• [Your goal] What you produce should match the records below precisely, except that images are removed.

START Provided data

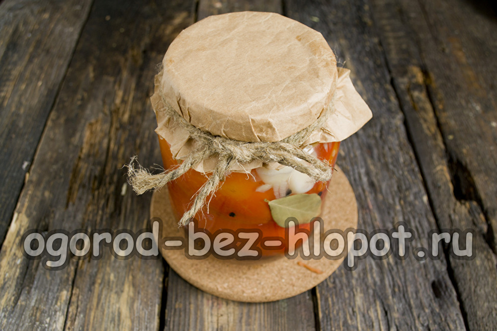 Покрийте с капаци, стерилизирайте литрови буркани за 12 минути. Ние плътно закопчаваме, след охлаждане я изваждаме в хладно килерче.
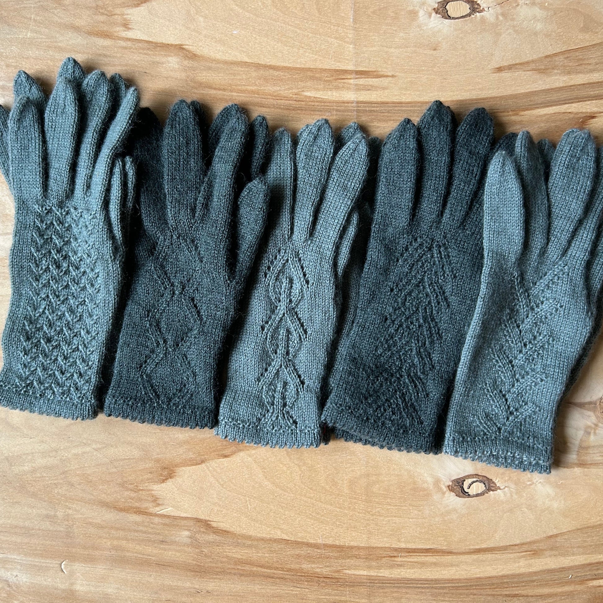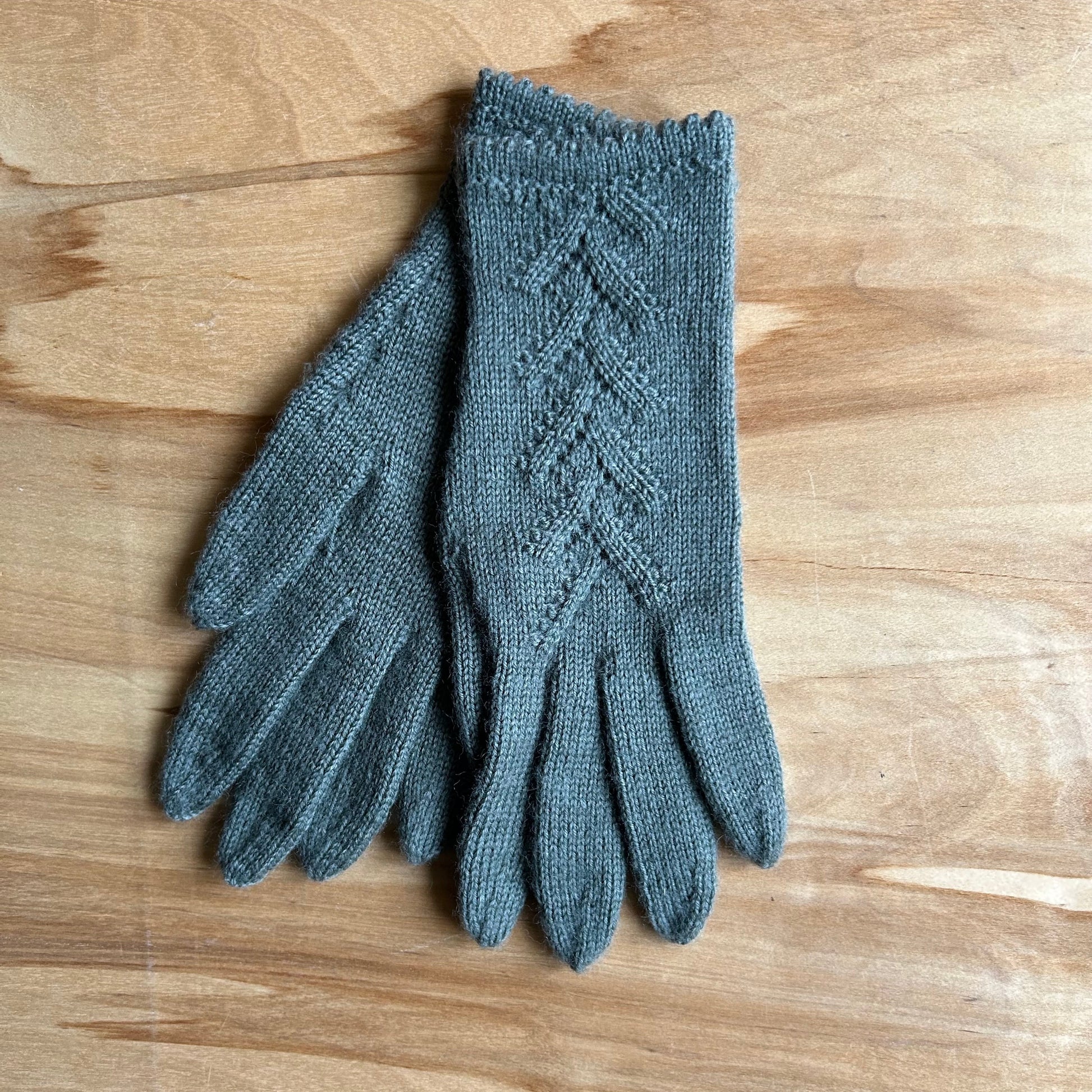 Rokām adīti gaiši pelēkzaļi pirkstaiņi no vilnas dzijas (superwash comfort 75% SW vilna, 25% poliamīds) ar dekoratīvu skujiņasraksta adījumu plaukstas virspusē 23 x 8 cm (garums x platums).
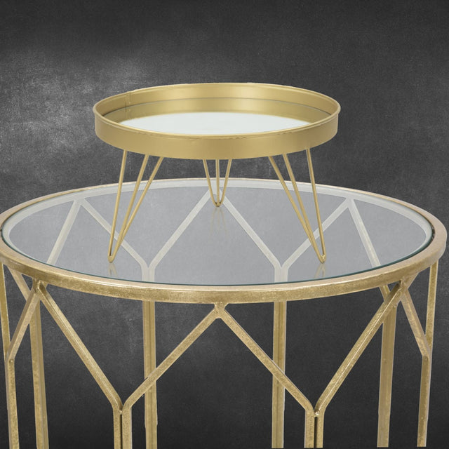 S/TASCHE GLAM GOLD/MIRROR - Svuotatasche in metallo con piano in vetro specchiato. Elementi dalle linee sottili e dai colori trend. Impreziosiscono con gusto il living o l'ingresso.
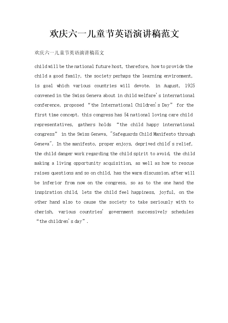 欢庆六一儿童节英语演讲稿范文
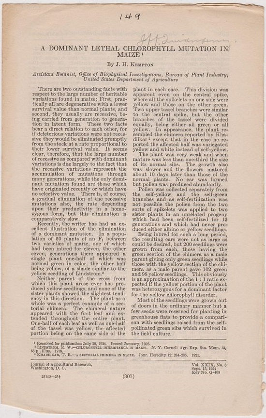 Description 1924. Reprinted from Journal of Agricultural Research, Vol.l XXIX, No. 6, pp. 307-309. Ownership signature: J.H. Quisenberry. First separate edition. Offprint. Original wrappers. *
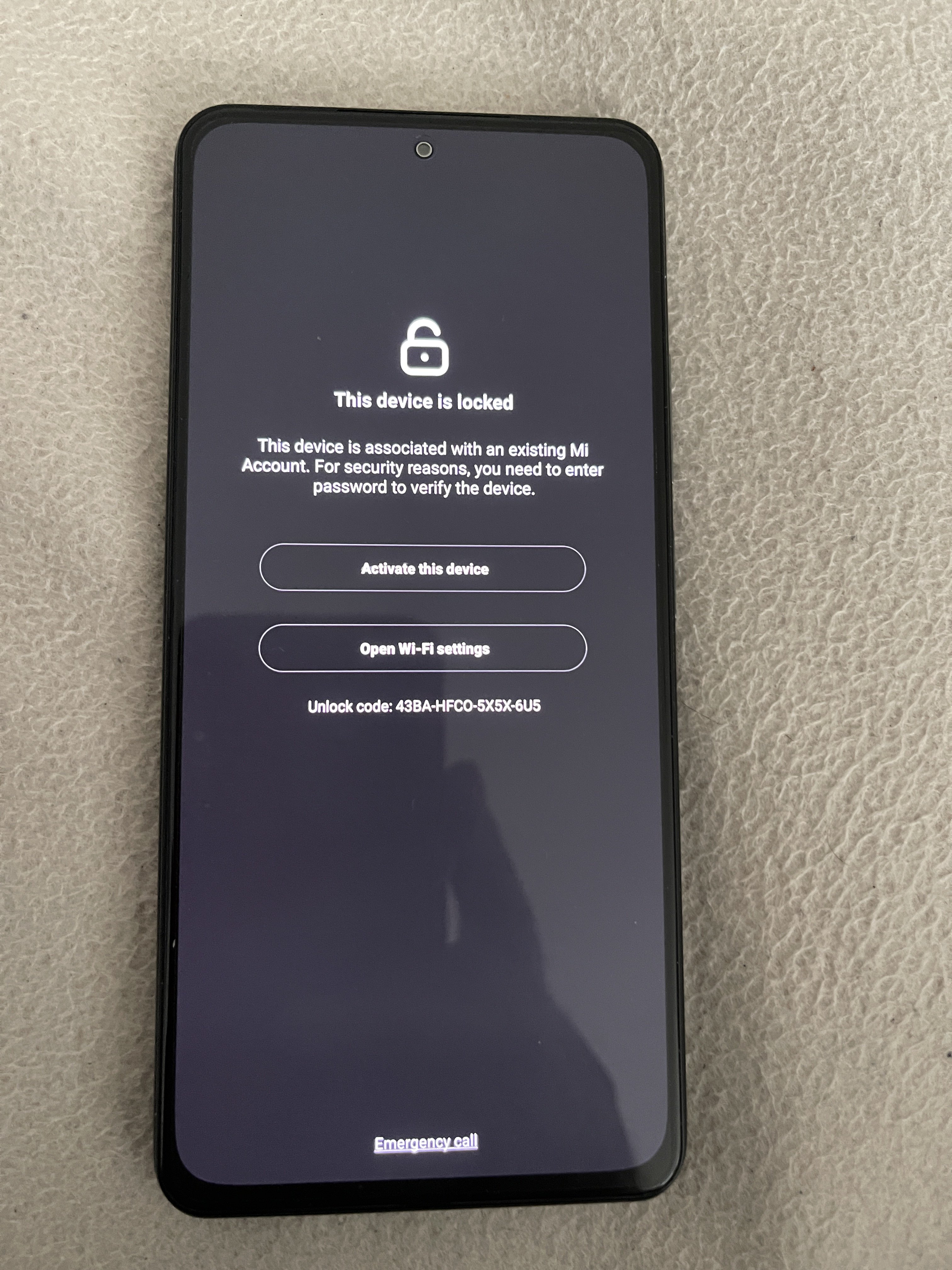 Aber bei mir kommt, wird das folgende Bild gezeigt: "Device is locked". Leider habe ich die angegebene Handynummer nicht mehr, um den Code anzufordern.
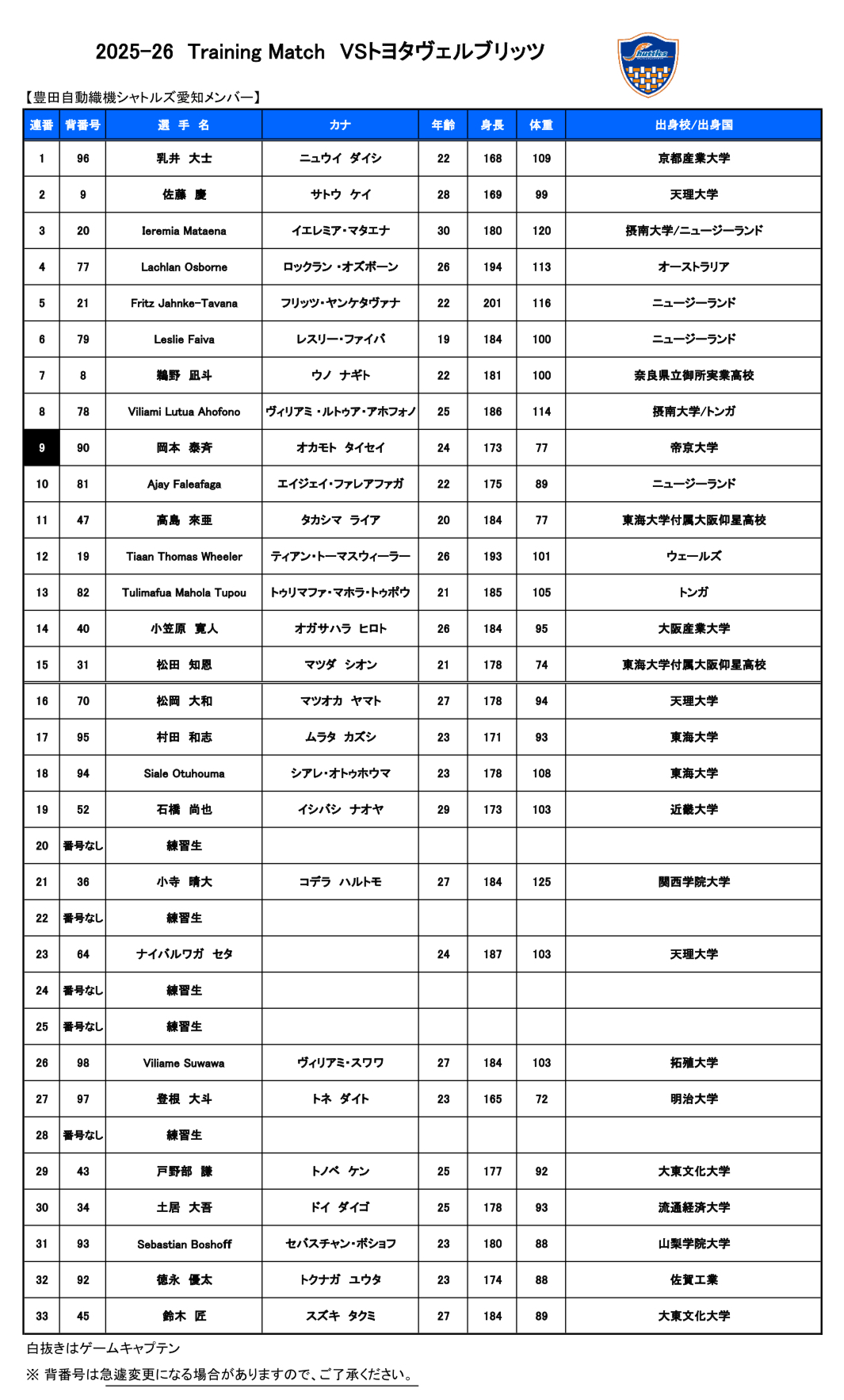 2025/12/26(金) vsトヨタヴェルブリッツ出場メンバー
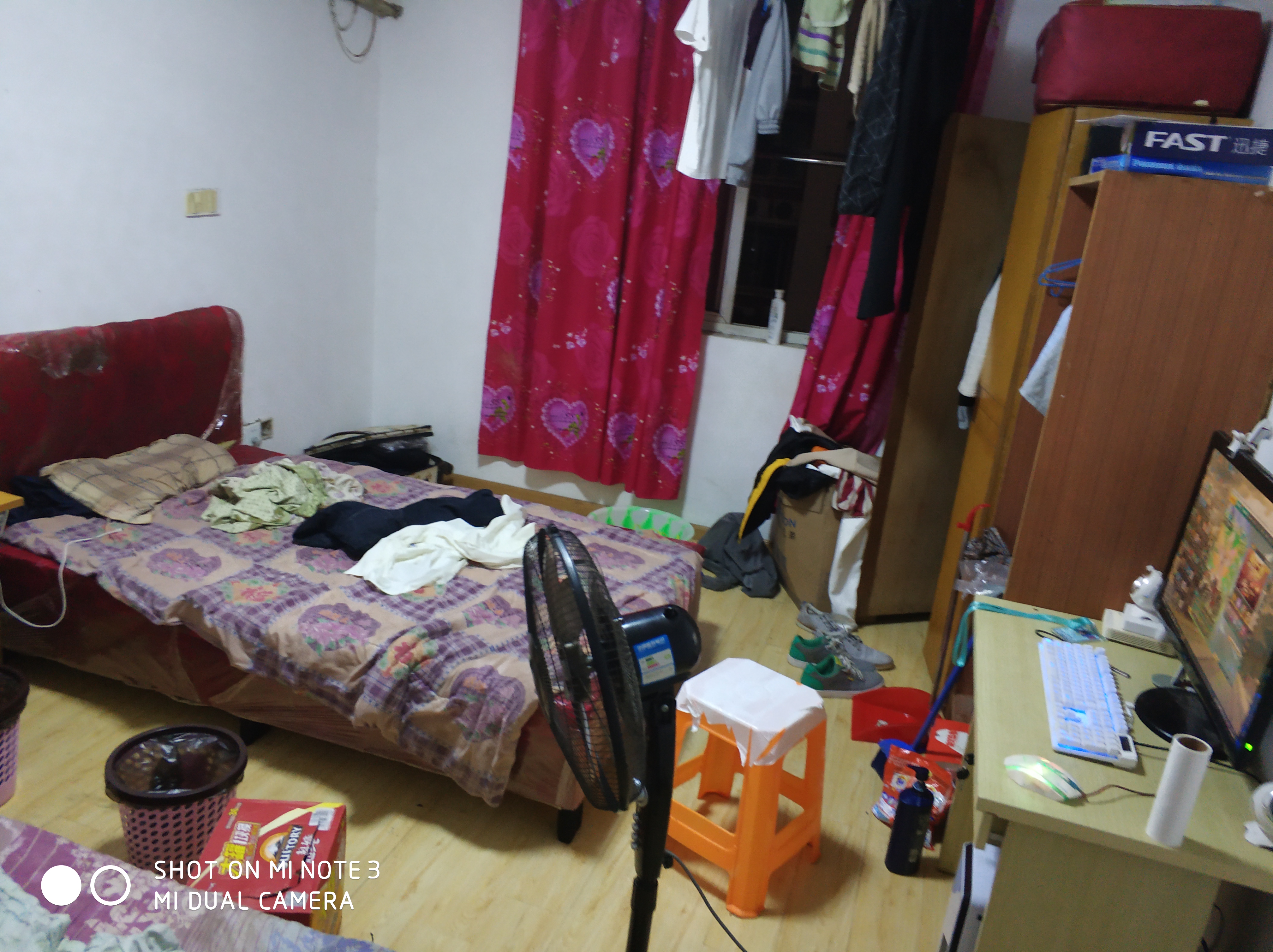 新房子朝北,一张床一张桌子,500一月。三个大老爷们挤一块儿,网线都拉不过去。
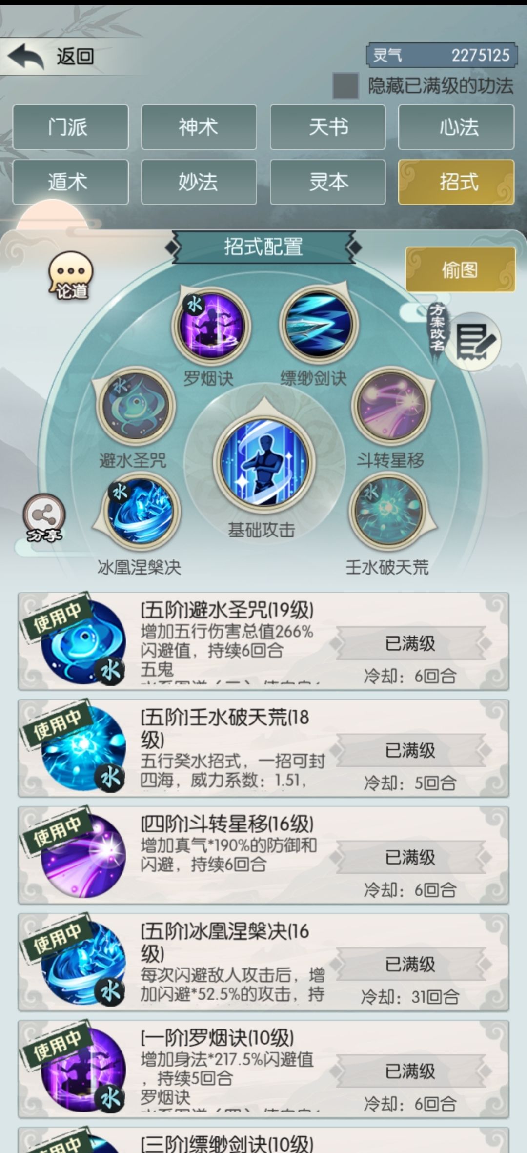 这里需要普及一个小知识,五斗伤害和五岳回复量取决于招式使用之前的总五行值(非面板),因此提高主五伤害(通过图谱加成,神通,灵兽招式,法则)可以有效提高五斗伤害和五岳回复。注意是使用招式之前,意思就是招式本身的图谱加成无效(例如五岳五斗都带图谱,五斗能吃到五岳的图谱加成但是吃不到自身的图谱加成)。
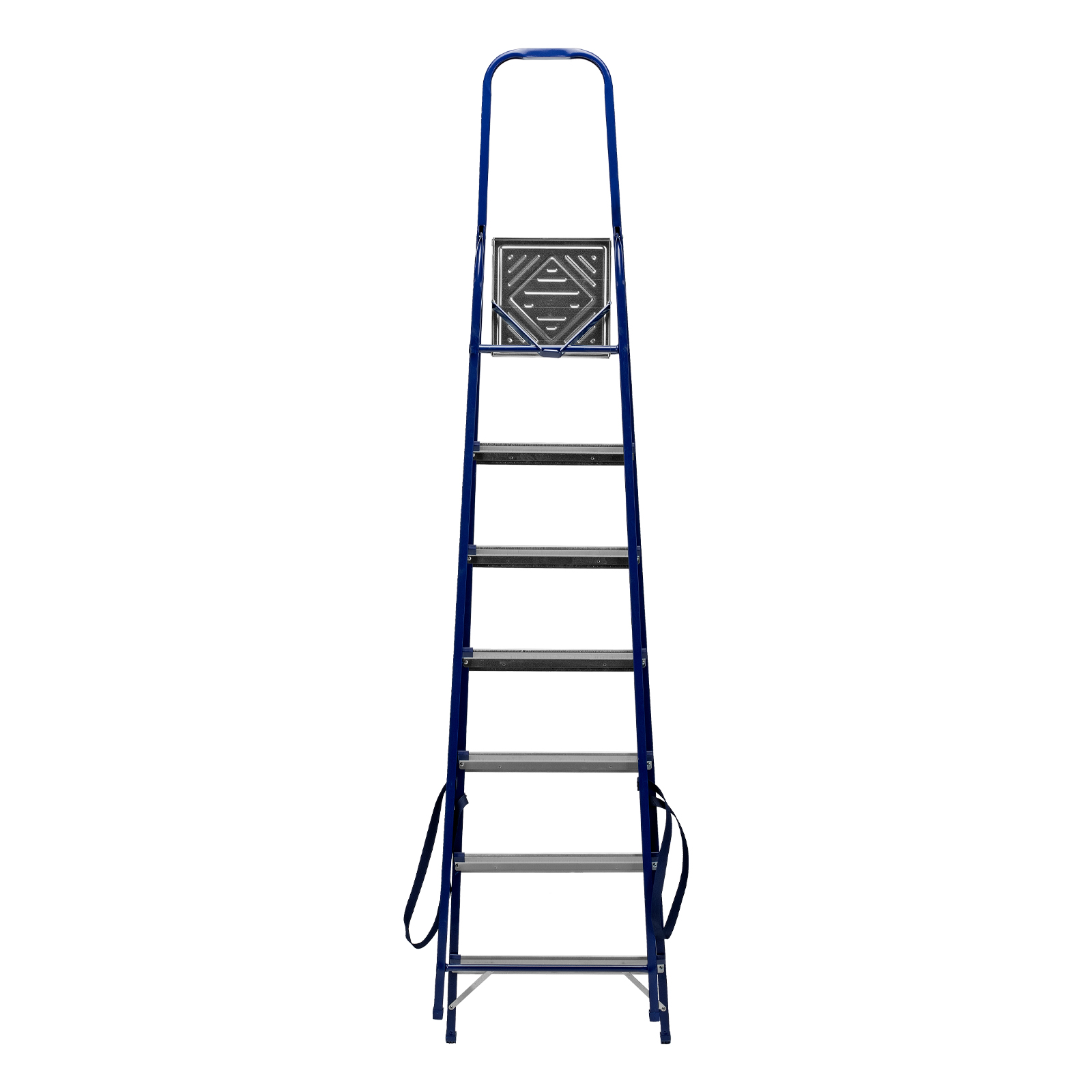 Стремянка стальная Сибртех 97847 с 7 ступенями облегчает выполнение ремонтных, отделочных, а также различных бытовых работ на высоте, превышающей человеческий рост. Площадка находится на высоте 142,5 см от опорной поверхности, рабочая высота стремянки составляет 342,5 см (при среднем росте пользователя 170 см). Высокая дуга безопасности обеспечивает удобную эксплуатацию. Стремянка пригодится дома и на даче.

END Provided data

• [Task response]
 Покрийте с капаци, стерилизирайте литрови буркани за 12 минути. Ние плътно закопчаваме, след охлаждане я изваждаме в хладно килерче.
 Rokām adīti gaiši pelēkzaļi pirkstaiņi no vilnas dzijas (superwash comfort 75% SW vilna, 25% poliamīds) ar dekoratīvu skujiņasraksta adījumu plaukstas virspusē 23 x 8 cm (garums x platums).
 S/TASCHE GLAM GOLD/MIRROR - Svuotatasche in metallo con piano in vetro specchiato. Elementi dalle linee sottili e dai colori trend. Impreziosiscono con gusto il living o l'ingresso.
 欢庆六一儿童节英语演讲稿范文
 Description 1924. Reprinted from Journal of Agricultural Research, Vol.l XXIX, No. 6, pp. 307-309. Ownership signature: J.H. Quisenberry. First separate edition. Offprint. Original wrappers. *
 Aber bei mir kommt, wird das folgende Bild gezeigt: "Device is locked". Leider habe ich die angegebene Handynummer nicht mehr, um den Code anzufordern.
 2025/12/26(金) vsトヨタヴェルブリッツ出場メンバー
 新房子朝北,一张床一张桌子,500一月。三个大老爷们挤一块儿,网线都拉不过去。
 这里需要普及一个小知识,五斗伤害和五岳回复量取决于招式使用之前的总五行值(非面板),因此提高主五伤害(通过图谱加成,神通,灵兽招式,法则)可以有效提高五斗伤害和五岳回复。注意是使用招式之前,意思就是招式本身的图谱加成无效(例如五岳五斗都带图谱,五斗能吃到五岳的图谱加成但是吃不到自身的图谱加成)。
 Стремянка стальная Сибртех 97847 с 7 ступенями облегчает выполнение ремонтных, отделочных, а также различных бытовых работ на высоте, превышающей человеческий рост. Площадка находится на высоте 142,5 см от опорной поверхности, рабочая высота стремянки составляет 342,5 см (при среднем росте пользователя 170 см). Высокая дуга безопасности обеспечивает удобную эксплуатацию. Стремянка пригодится дома и на даче.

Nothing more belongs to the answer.